EXERCISE INSTRUCTIONS:
Take the lines below from the one with "Un total de" through the one with "Женский, укороченый свитер, рванный" and retype them exactly. Include nothing else, and no pictures.

MATERIAL PROVIDED:
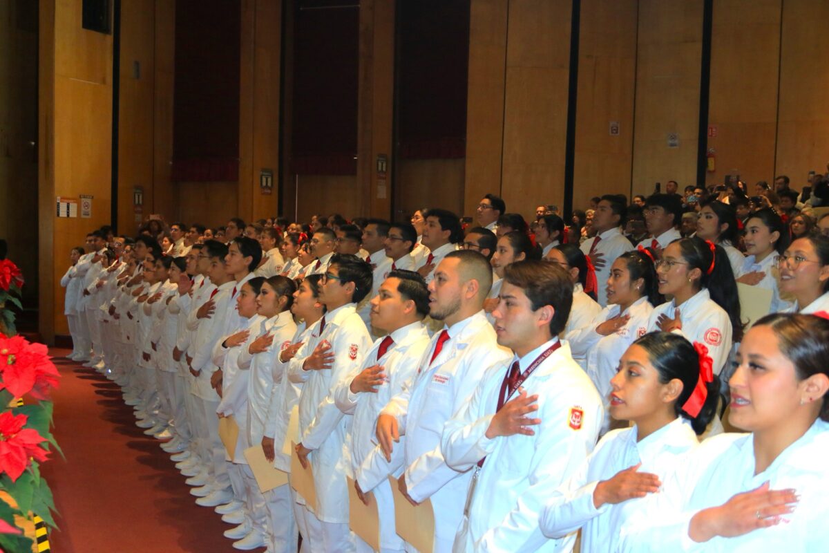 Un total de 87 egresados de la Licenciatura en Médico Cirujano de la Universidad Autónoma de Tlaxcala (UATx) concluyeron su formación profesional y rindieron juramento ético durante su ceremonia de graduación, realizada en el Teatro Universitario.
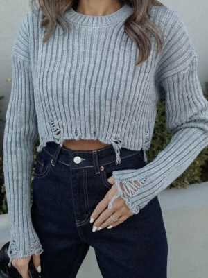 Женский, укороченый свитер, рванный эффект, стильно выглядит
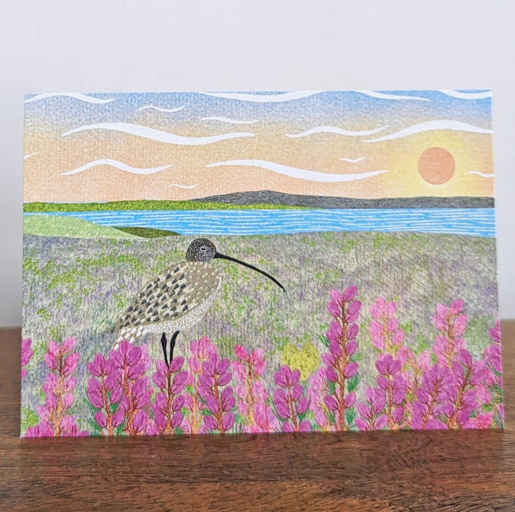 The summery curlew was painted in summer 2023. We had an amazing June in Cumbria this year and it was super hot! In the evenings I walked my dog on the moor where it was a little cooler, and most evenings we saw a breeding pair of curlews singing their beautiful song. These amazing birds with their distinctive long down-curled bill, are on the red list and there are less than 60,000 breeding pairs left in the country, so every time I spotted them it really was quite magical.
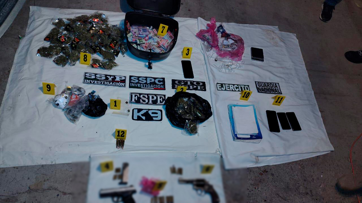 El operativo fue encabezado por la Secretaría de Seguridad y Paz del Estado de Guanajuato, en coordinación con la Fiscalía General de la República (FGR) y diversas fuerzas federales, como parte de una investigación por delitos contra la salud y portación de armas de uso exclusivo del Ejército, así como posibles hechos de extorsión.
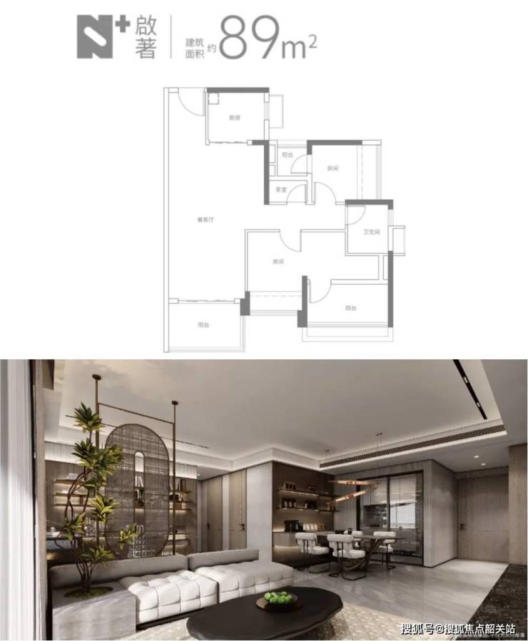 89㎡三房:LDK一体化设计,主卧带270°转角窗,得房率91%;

...

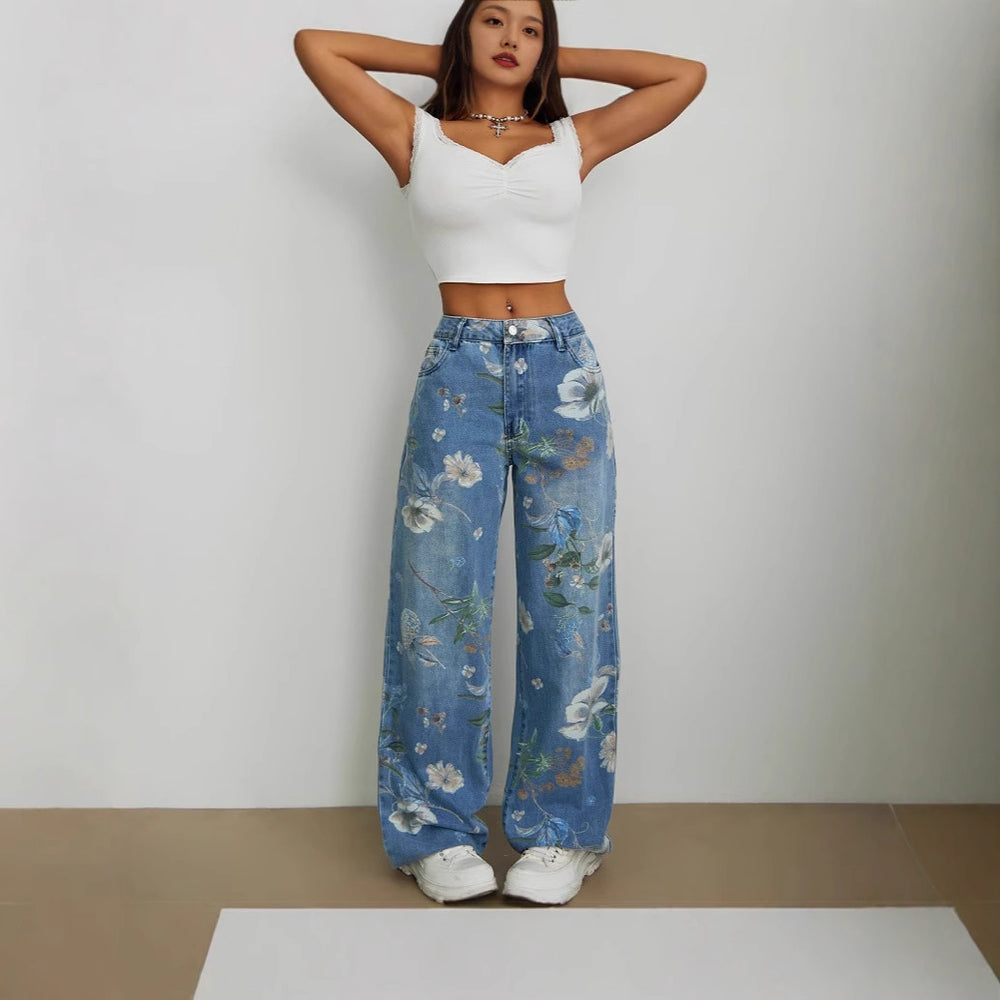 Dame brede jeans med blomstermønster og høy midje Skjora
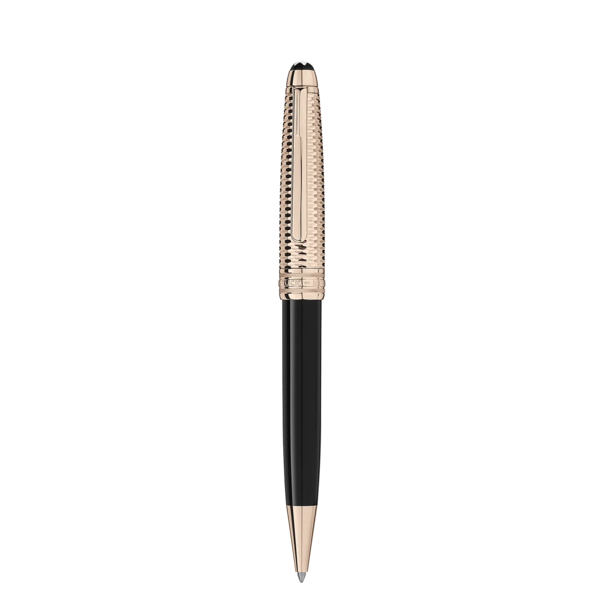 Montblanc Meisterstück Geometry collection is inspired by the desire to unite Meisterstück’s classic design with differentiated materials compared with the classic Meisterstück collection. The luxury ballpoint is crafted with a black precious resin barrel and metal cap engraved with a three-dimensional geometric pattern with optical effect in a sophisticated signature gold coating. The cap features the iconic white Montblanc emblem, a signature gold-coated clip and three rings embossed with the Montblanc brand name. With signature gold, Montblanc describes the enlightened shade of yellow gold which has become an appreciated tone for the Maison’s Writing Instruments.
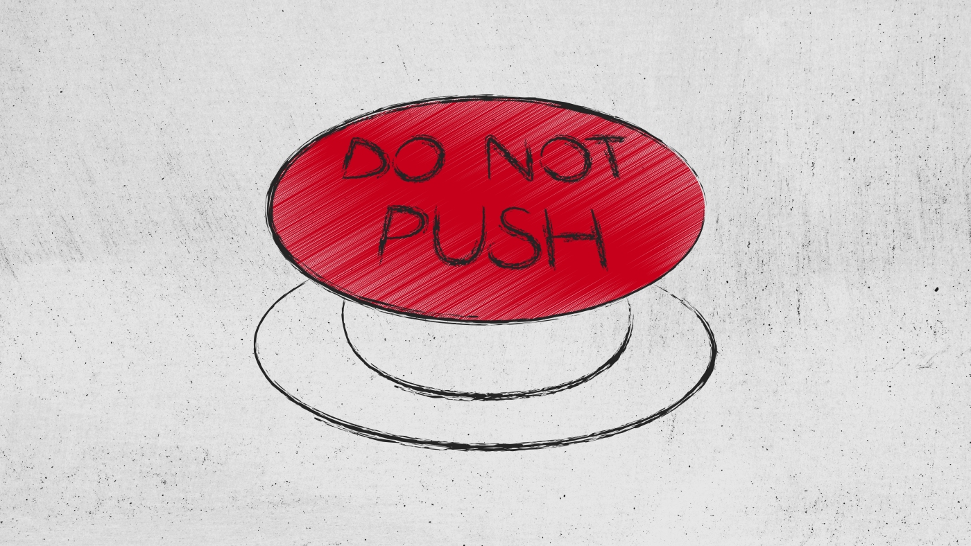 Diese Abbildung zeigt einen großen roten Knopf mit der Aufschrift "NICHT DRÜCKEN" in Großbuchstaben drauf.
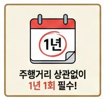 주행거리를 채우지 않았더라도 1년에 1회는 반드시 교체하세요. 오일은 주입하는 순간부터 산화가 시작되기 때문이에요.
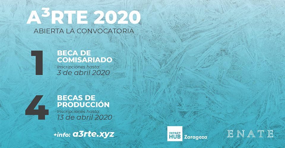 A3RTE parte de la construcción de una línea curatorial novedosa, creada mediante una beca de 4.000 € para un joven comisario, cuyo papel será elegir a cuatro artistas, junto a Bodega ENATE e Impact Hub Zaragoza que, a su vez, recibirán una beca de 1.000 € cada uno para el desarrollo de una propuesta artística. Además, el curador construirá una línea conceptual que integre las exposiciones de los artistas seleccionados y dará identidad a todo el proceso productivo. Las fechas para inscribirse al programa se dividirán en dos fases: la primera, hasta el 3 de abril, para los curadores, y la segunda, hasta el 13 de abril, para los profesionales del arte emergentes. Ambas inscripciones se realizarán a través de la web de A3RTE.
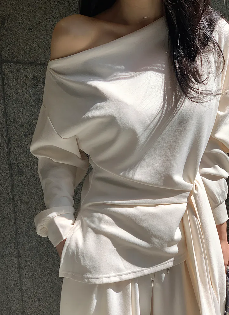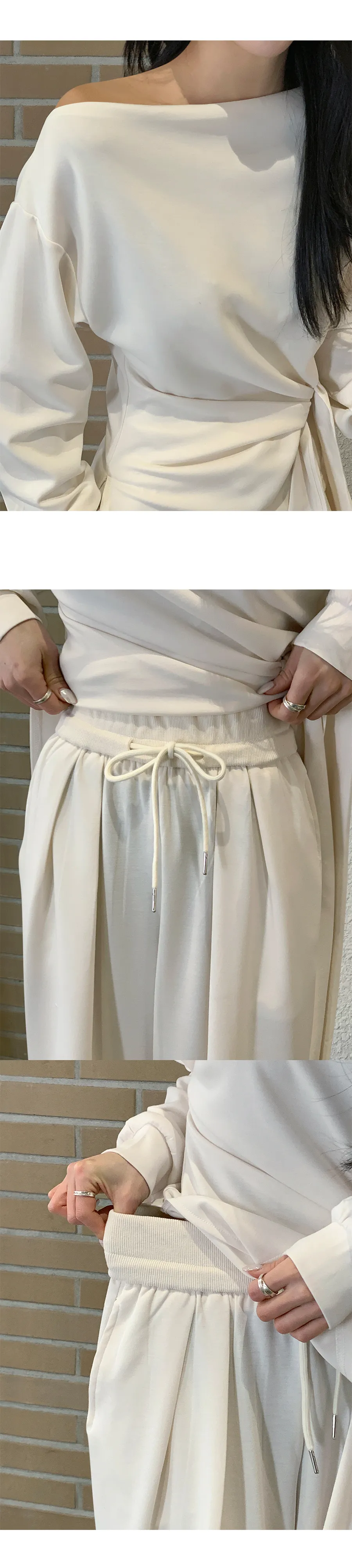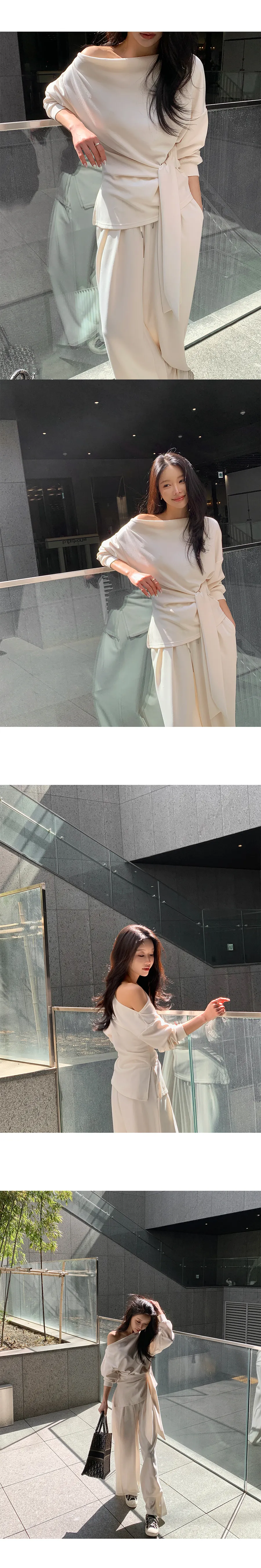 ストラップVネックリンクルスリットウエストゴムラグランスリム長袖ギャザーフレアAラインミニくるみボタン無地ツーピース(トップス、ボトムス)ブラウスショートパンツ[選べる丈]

* * *

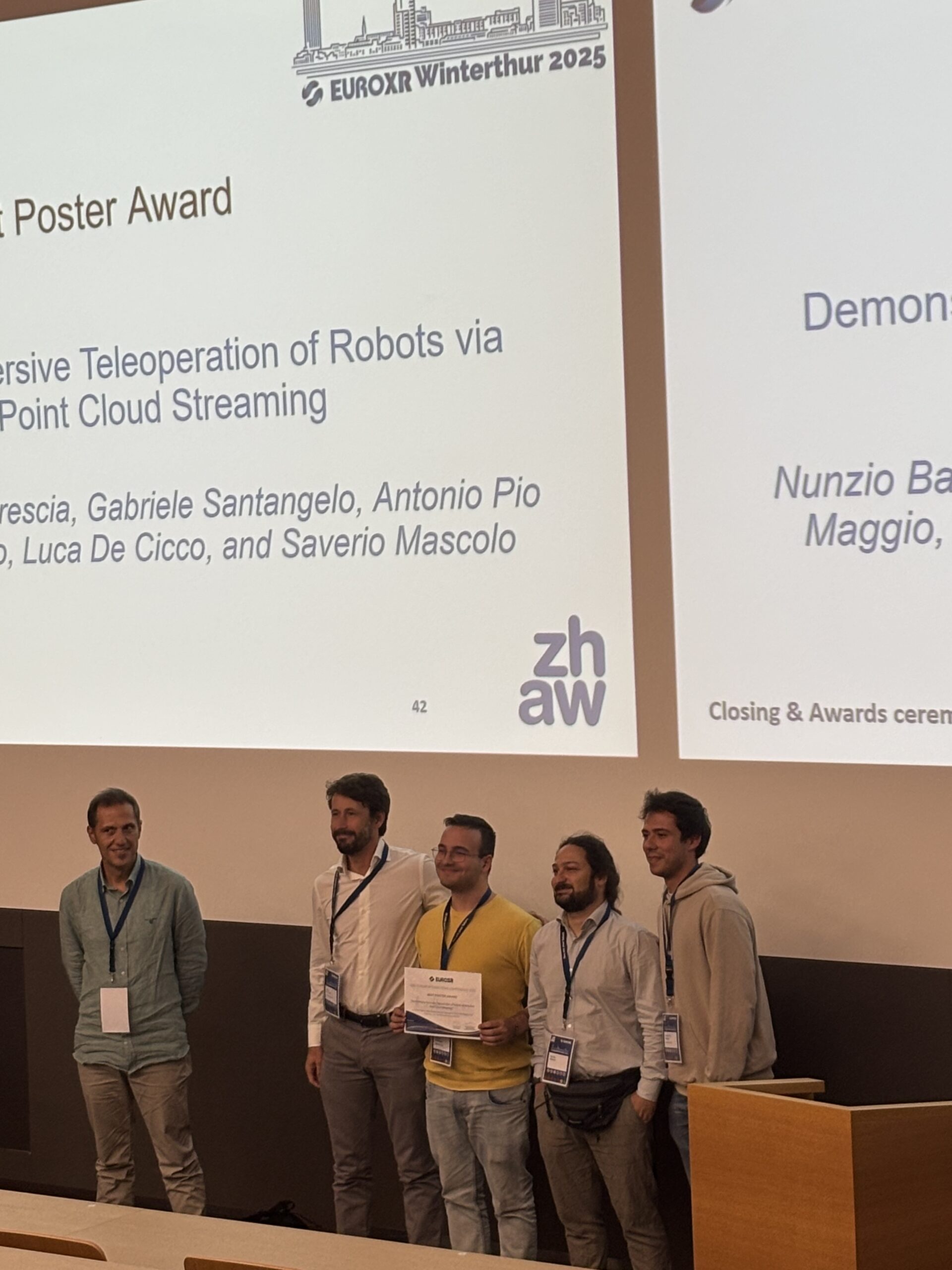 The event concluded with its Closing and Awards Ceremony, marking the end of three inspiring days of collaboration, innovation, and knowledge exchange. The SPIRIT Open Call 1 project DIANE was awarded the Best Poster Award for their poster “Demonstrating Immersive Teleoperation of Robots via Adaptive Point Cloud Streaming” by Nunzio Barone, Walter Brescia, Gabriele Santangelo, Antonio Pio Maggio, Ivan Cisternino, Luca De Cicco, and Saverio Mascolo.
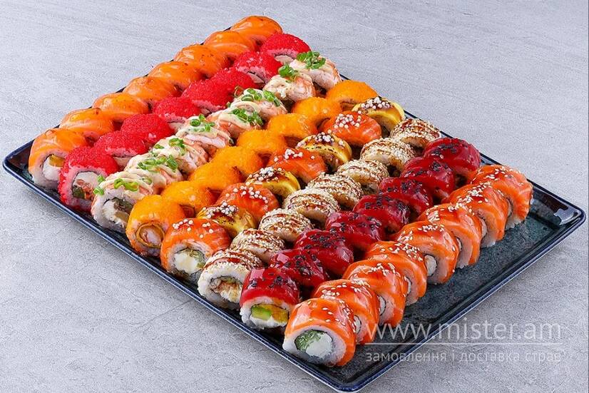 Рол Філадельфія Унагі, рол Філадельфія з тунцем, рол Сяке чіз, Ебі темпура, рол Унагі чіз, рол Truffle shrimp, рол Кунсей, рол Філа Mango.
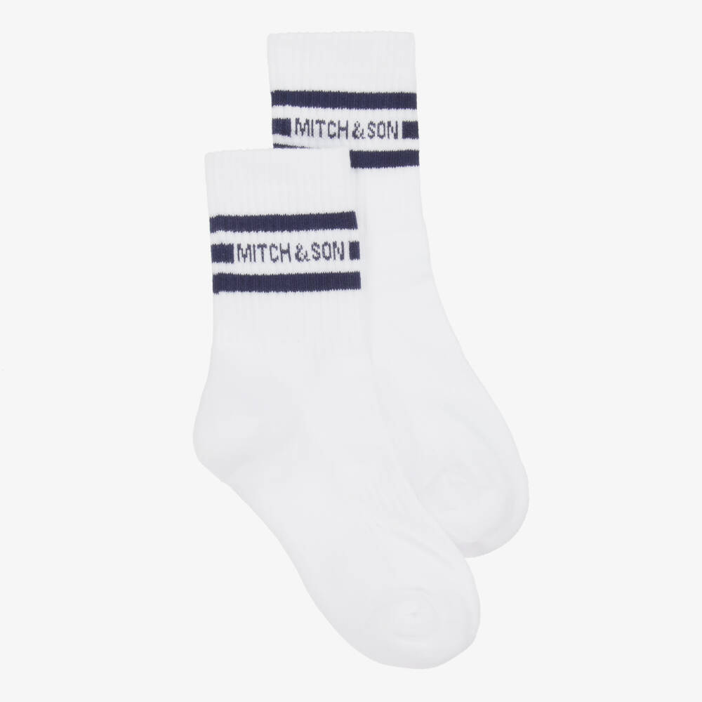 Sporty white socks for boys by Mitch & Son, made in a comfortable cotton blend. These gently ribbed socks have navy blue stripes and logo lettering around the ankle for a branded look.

RESPONSE:
 Un total de 87 egresados de la Licenciatura en Médico Cirujano de la Universidad Autónoma de Tlaxcala (UATx) concluyeron su formación profesional y rindieron juramento ético durante su ceremonia de graduación, realizada en el Teatro Universitario.
 Женский, укороченый свитер, рванный эффект, стильно выглядит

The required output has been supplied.